2. Further more it is to be observed in this case that no objection was made by the plaintiffs at the time when the suit was transferred from the ordinary file to the Small Cause Court file. The statements which have been made in paragraph 4 of the affidavit in this connexion have been traversed in para. 3 of the counter-affidavit filed on behalf of the opposite party. It is stated therein that when the presiding Judge transferred the case from the ordinary file to the Small Cause Court file neither of the parties or their pleaders raised any sort of objection to the said transfer of the case from one file to another and that both the parties tendered their respective evidence to the Court and the case was fully argued by the pleaders of both the sides. Having regard to this fact I do not think that this Court ought now in revision to entertain the objection which was not raised at the time of the trial. It seems clear that the parties submitted to the jurisdiction of the Court and that the decision having been unfavourable to the plaintiff-petitioners they now seek in their present application to find some defect in the proceedings relating to the trial. This Court has on numerous occasions declined to interfere in revision where it has been shown that no objection was taken and that the parties submitted to the jurisdiction of the Court: Srimati Parameswari Dassi v. Jagat Chandra Das  19 C.W.N. 900. In the case just referred to their Lordships quoted with approval certain remarks made in another case to which they referred.
We are not in favour of assisting parties to set aside a decree upon points which they did not raise before the Court which tried the matters in issue and of which they gave no notice to opposite party.
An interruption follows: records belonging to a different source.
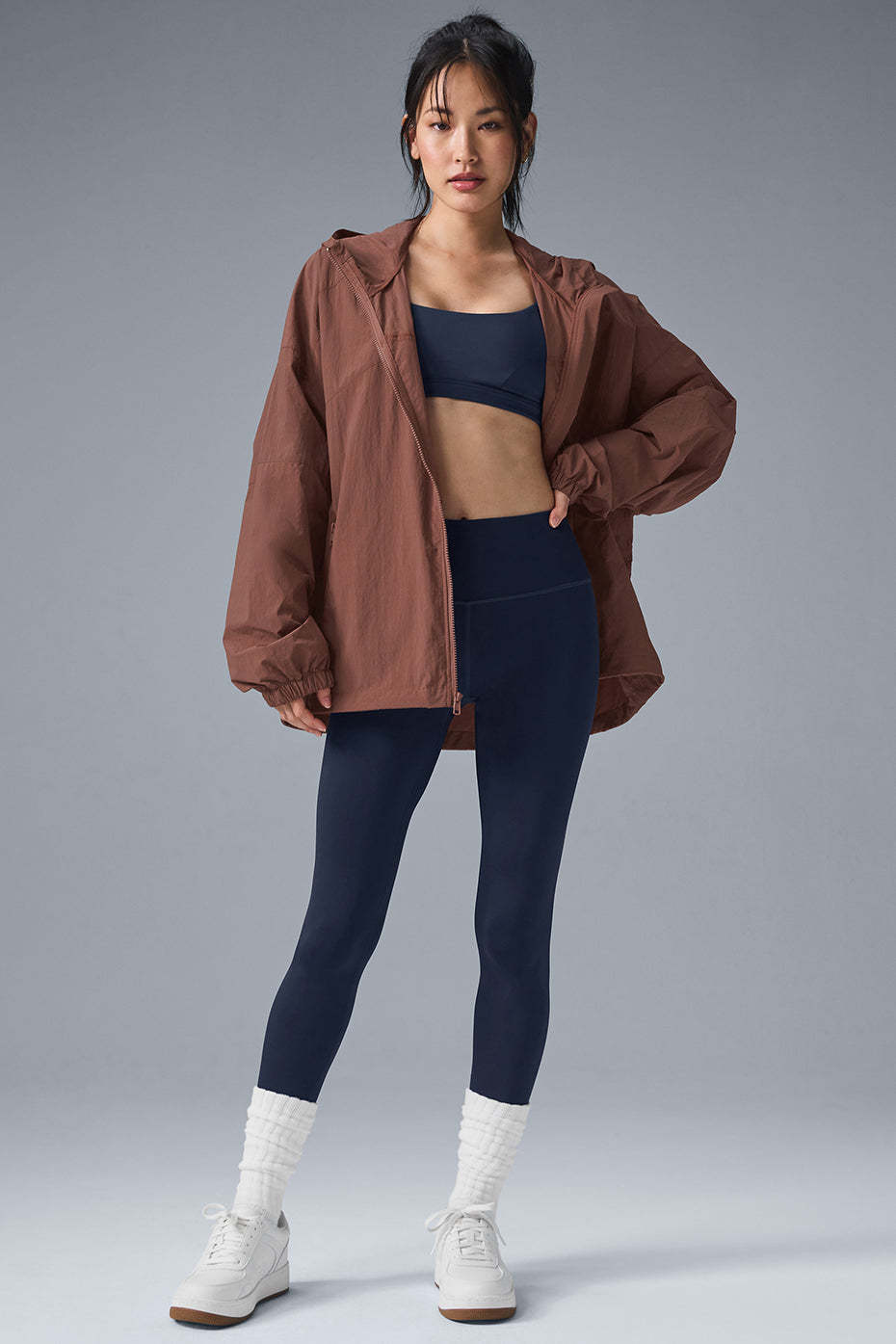 Light coverage and serious protection—that’s the Vantage Track Jacket. It has technical features like a structured hood, a full-zip front that covers the neck, cuffed sleeves, and a bungee hem that’s slightly longer in back. Fitwise, it feels cool and modern with dropped shoulders and a loose body. Wear it for running, training, or stepping outside in brisk weather.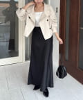 【ベージュ着用アイテム】pants:2タックワイドパンツ、inner:シャーリングニット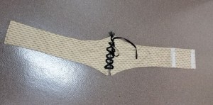 This is a fake waist corset. The waist corset could be made from a single piece of fabric. This one is constructed in two pieces that are joined by the ribbon “lacing”. It fastens in the back with hook and loop tape.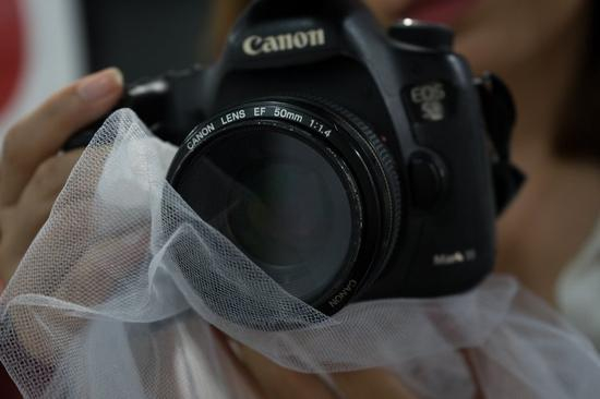 让情绪人像升华的,往往是前景的采用,合适的前景会更突出整个画面的气氛。这次拍摄我们选用了薄纱放在镜头前制造朦胧感,此时注意控制薄纱在镜头前 的位置,在取景器里边观察边挪动薄纱,避免薄纱覆盖住整个画面,要将模特的面部表情突出。挪动薄纱时候注意动作幅度小一些,一丁点的移动在取景器内往往是 大面积的变化,所以这时候要有耐心控制好画面的薄纱入镜量。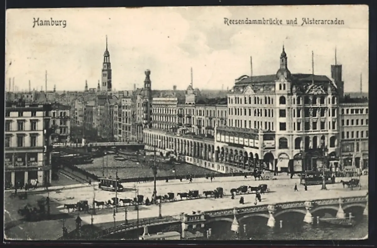 AK Hamburg, Strassenbahnen auf der Reesendammbrücke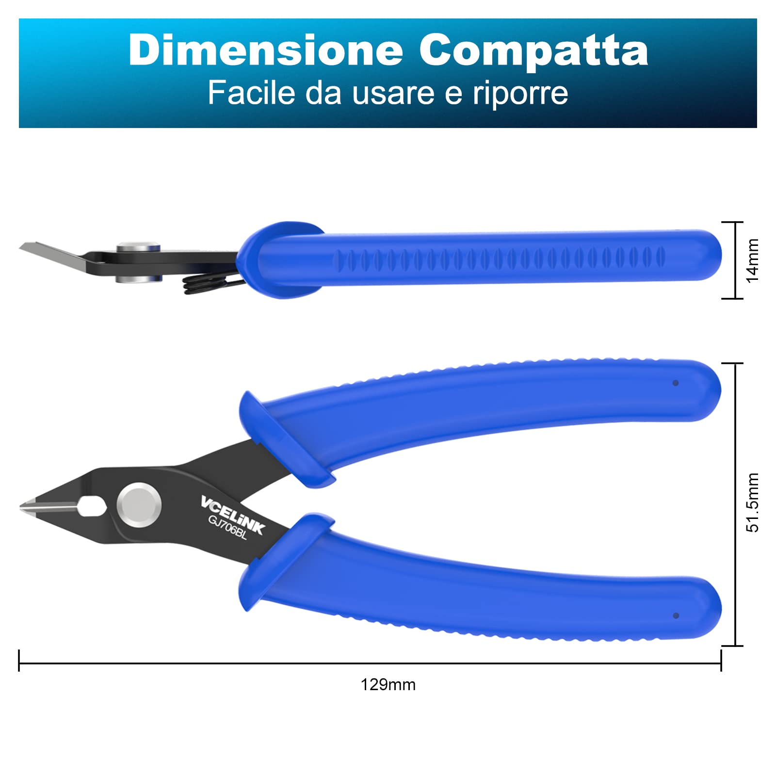 Testa di taglio angolata a 21° per non avere problemi a tagliare i fili. Applicazioni di taglio a filo per filo morbido fino a 16 AWG (1,3 mm 【Applicazione】le taglierine laterali elettroniche possono essere utilizzate per tagliare filo di rame da 0-2 mm (12-46 AWG), modellismo, linee di componenti in eccesso, bordi in plastica, fascette per cavi, gioielli, sigarette elettroniche, piccoli dispositivi elettronici, stampanti 3D, circuiti di bordo, eccetera. 【Affilato e durevole】 Le mini pinze per fili sono realizzate in acciaio al carbonio, non facile da ossidare e arrugginire, elevata durezza, bordo affilato, taglio pulito, non facile da rompere, che garantisce una maggiore durata. Cutter Professionale Pinze Per Taglierine Di Precisione, Tronchesino Modellismo Per Il Spelafili Elettricista 【Super durezza】 Le mini frese laterali sono realizzate in acciaio al carbonio, non facile da ossidare e arrugginire, elevata durezza HRC51-53, bordo affilato, taglio pulito, non facile da rompere, che garantisce una maggiore durata. 【Multifunzione 2 in 1】La spelafili multifunzione Swsdee può spelare rapidamente fili pieni da 20, 18, 16, 14, 10 AWG; La lama affilata trattata termicamente ad alta frequenza consente tagli rapidi anche su fili spessi.

3. I do not think, therefore, that it can be said that there has been any error of law in this case having regard to all the circumstances of the case. The Munsiff who subsequently took charge of the Court was empowered with Small Cause Court powers up to Rs. 250 and he therefore had jurisdiction to try this suit the value of which was within that amount. He exercised that jurisdiction, and I am not prepared to say that any error of law has been committed which renders interference necessary.
4. The third point may be briefly dismissed as it clearly involves a question of fact and I am not disposed to go into the facts of the case.
5. In my judgment no case has been made out for interference in revision and the Rule is accordingly discharged with costs. I assess the hearing-fee at one gold mohur.